= Amara Tabor-Smith =

American choreographer and performer

Amara Tabor-Smith (born 1965) is a San Francisco Bay Area-based choreographer and performer noted for significant contributions to dance that draw on, celebrate, and reconfigure African-American and women's history.

==Career==
Tabor-Smith spent a decade as a dancer, then Associate Artistic Director with the internationally acclaimed Urban Bush Women dance company of New York City, where she was a part of developing the company's early community engagement methodologies. As founder of Deep Waters Dance Theater, she creates choreographic work rooted in ritual and exploring issues facing people of color and the environment. Her 2011 work Our Daily Bread - which explored what and how we eat - included live cooking and eating and was described as "a theatrically cogent, emotionally rich piece of dance theater that made us laugh at ourselves and want to scream at the end."

Tabor-Smith won a San Francisco Guardian 2013 Best of the Bay award for He Moved Swiftly But Gently Down the Not Too Crowded Street: Ed Mock and Other True Tales in a City That Once Was, which consisted of 11 site-specific performances that journeyed through the life of Bay Area dance pioneer Ed Mock. "Everybody's saying the feisty, freaky soul of San Francisco is dying," the SF Guardian wrote. "Finally someone did something about it, in the form of resurrecting one of the city's most treasured cult arts figures. ...You could feel Mock smiling fearlessly, glorious in a giant pink tutu, back on the streets."

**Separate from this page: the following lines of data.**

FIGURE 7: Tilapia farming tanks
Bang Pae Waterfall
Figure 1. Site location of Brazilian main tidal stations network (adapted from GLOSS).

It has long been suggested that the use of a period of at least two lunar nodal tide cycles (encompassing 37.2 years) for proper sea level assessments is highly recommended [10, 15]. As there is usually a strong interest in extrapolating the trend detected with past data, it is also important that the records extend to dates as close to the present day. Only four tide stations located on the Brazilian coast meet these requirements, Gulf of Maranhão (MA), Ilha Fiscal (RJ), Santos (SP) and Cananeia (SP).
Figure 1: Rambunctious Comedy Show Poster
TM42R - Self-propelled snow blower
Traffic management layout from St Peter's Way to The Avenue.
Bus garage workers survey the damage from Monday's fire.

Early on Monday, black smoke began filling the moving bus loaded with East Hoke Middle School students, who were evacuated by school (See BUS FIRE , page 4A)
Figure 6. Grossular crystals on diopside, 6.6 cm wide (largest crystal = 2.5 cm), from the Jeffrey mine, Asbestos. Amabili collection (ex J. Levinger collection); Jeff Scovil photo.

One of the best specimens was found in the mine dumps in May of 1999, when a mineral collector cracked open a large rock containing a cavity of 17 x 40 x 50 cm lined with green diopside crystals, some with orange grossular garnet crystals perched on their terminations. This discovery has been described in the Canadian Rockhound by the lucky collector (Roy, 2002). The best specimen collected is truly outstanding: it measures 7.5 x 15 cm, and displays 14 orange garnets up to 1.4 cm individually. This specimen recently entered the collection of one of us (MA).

Tabor-Smith has performed in the works of a number of noted choreographers, many of whom inform her own work. These include Ed Mock, Joanna Haigood of Zaccho Dance Theatre, Pearl Ubungen, Ronald K. Brown, Liz Lerman, Faustin Linyekula, Anne Bluethenthal, Adia Tamar Whitaker and Sara Shelton Mann. She has also performed in the works of theater artists Anna Deavere Smith, Aya de Leon, Herbert Siquenza, The SF Mime Troupe, and Marc Bamuthi Joseph. Tabor-Smith choreographed and appeared as a dancer in Shakti Butler's documentary film Making Whiteness Visible. Her work with DWDT and Headmistress has been performed at Espaço Xisto in Salvador, Bahia; Rue Danse Festival in Brazzaville, Congo; Judson Memorial Church and Movement Research in New York City as well as many venues throughout the San Francisco/Bay Area.

==Awards and recognition==
Tabor-Smith has received numerous grants and residencies, including Creative Work Fund's Performing Arts Grant, The Headlands Center for the Arts artist in residence, CHIME Mentorship Exchange grant, Green Choreographers Residency at Dance Exchange. She is currently Artist in Residence at ODC/Dance in San Francisco. She received a Creative Capital award in 2016 with artist Ellen Sebastian Chang. Tabor-Smith received the Rainin Arts Fellowship (formerly The Rainin Fellowship) in 2021.